• [Your assignment] Leave the pictures out, and transcribe the material below exactly from the line with "تعليق على عبارة" to the line with "6月1日起市民可直接登录天津", both lines included.

• [Exercise data]
§ §

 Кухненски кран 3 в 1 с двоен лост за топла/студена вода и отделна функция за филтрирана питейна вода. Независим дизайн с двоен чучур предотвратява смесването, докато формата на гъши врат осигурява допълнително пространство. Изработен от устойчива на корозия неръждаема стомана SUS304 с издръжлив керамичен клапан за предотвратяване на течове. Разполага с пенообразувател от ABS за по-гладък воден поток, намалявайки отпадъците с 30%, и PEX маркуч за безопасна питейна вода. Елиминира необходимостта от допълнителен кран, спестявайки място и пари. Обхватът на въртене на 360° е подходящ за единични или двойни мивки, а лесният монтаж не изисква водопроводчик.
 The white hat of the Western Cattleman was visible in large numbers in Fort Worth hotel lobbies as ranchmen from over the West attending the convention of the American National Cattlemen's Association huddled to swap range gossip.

§ §

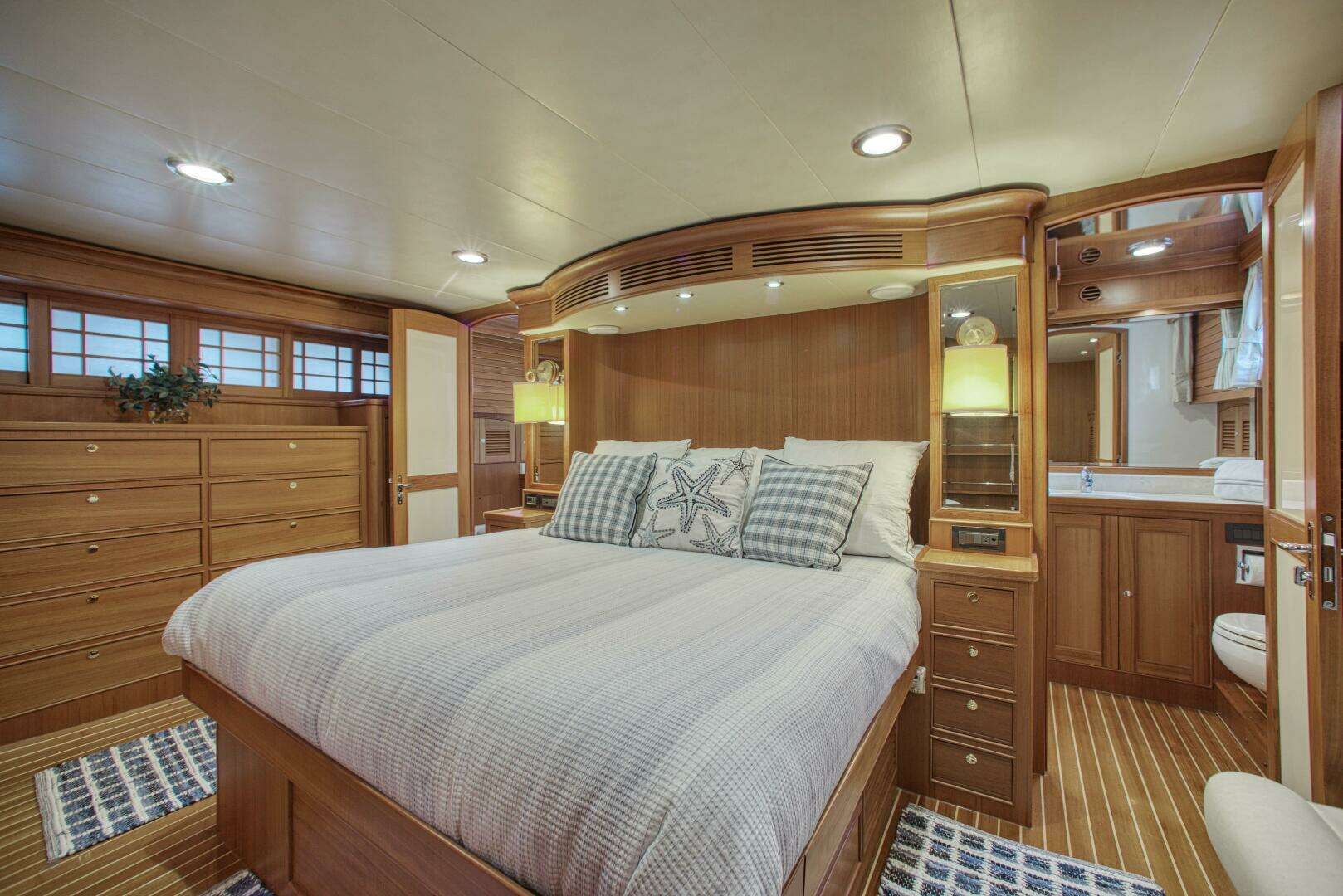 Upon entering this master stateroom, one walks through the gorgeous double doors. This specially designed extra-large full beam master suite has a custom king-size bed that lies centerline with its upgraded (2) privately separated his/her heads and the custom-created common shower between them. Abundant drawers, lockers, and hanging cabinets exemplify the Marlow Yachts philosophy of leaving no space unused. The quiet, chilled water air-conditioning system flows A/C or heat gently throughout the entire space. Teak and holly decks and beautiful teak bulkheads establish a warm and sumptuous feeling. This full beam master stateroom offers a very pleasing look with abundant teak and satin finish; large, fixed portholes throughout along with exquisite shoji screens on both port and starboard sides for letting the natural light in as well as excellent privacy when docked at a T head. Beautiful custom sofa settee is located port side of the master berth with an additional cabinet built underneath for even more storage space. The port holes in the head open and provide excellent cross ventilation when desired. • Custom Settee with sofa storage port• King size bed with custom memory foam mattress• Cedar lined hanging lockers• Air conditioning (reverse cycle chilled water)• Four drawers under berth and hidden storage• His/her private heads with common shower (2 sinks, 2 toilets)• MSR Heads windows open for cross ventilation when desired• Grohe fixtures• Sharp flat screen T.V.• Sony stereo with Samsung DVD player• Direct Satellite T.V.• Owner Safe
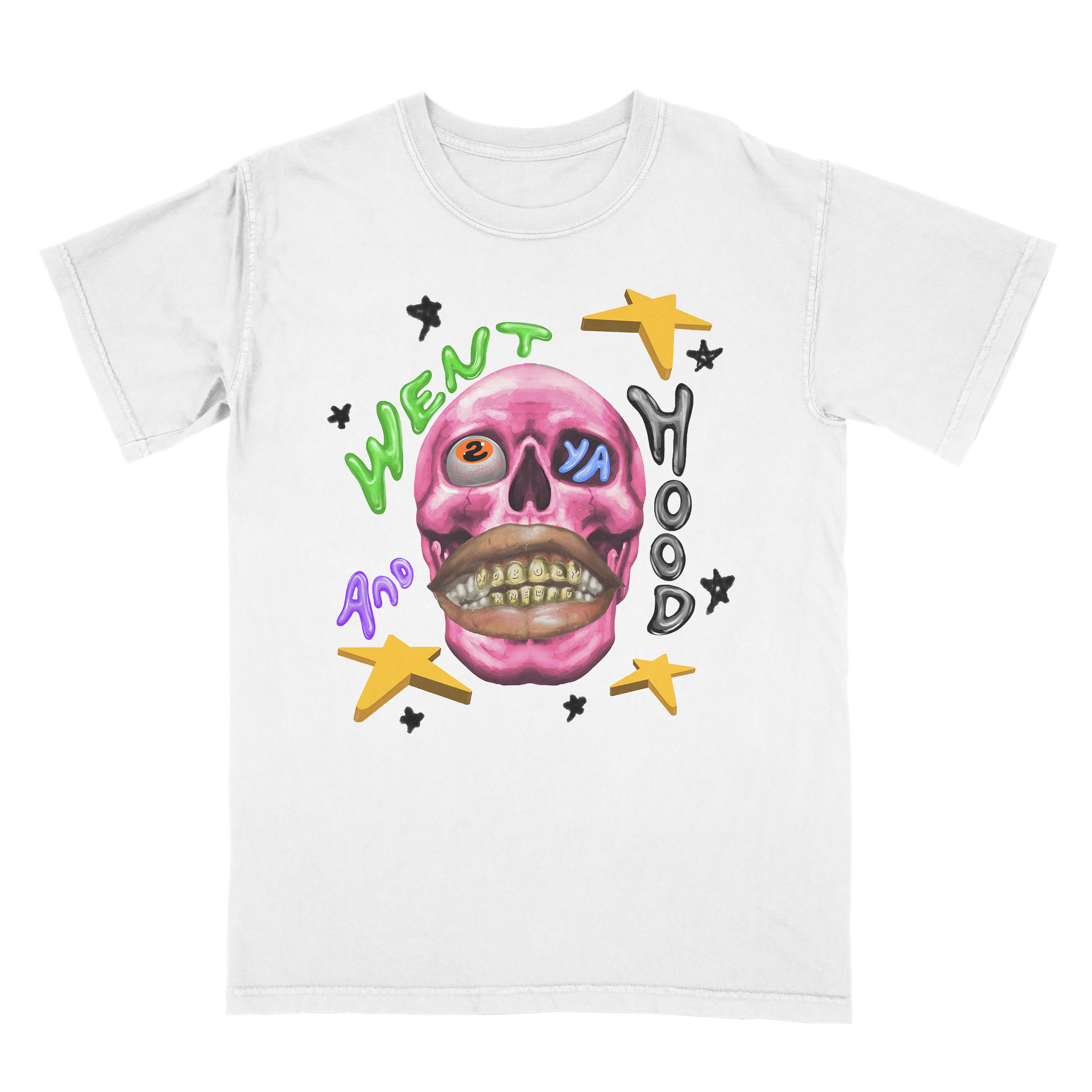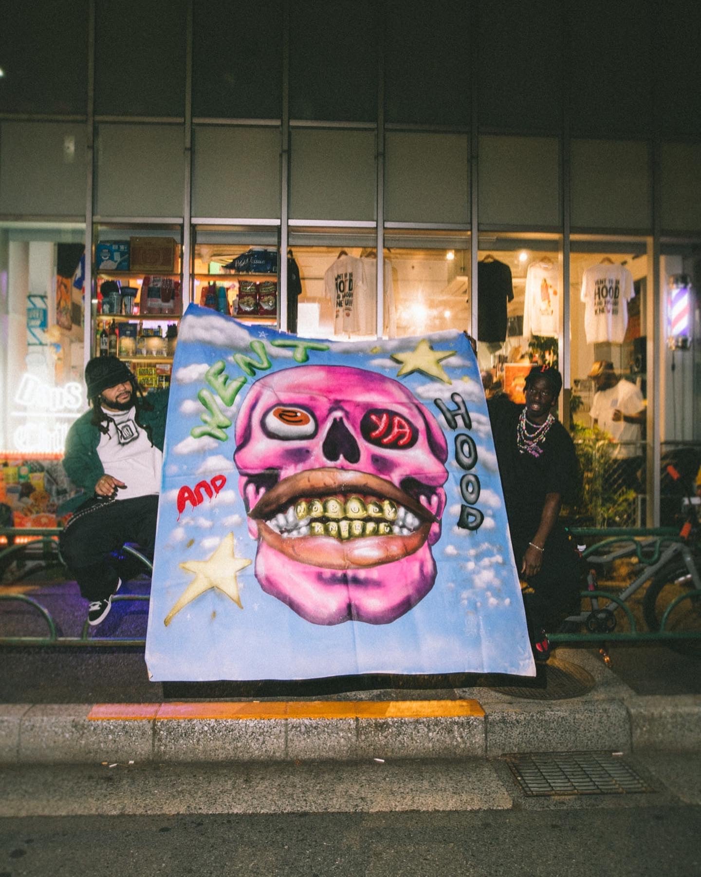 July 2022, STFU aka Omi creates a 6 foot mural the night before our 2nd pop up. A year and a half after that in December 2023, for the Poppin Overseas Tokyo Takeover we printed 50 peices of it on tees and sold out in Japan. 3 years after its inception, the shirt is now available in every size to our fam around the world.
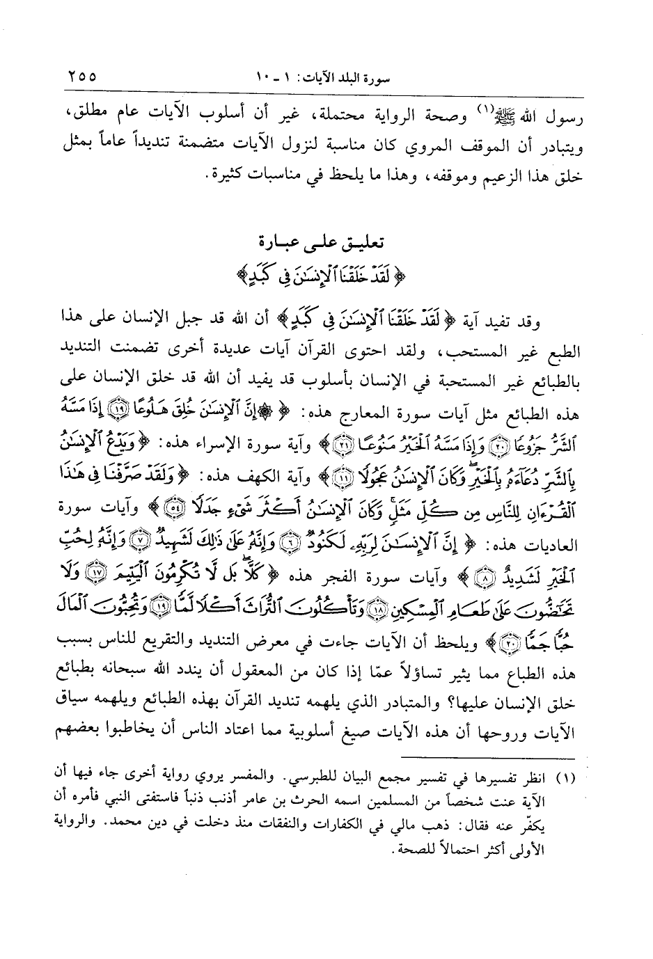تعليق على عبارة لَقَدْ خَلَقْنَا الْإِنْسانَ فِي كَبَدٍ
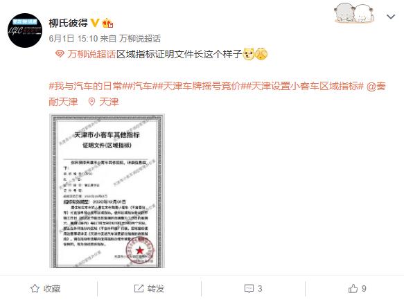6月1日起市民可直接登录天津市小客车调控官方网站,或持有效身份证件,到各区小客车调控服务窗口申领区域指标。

§ §

• [Output for this exercise]
تعليق على عبارة لَقَدْ خَلَقْنَا الْإِنْسانَ فِي كَبَدٍ
6月1日起市民可直接登录天津市小客车调控官方网站,或持有效身份证件,到各区小客车调控服务窗口申领区域指标。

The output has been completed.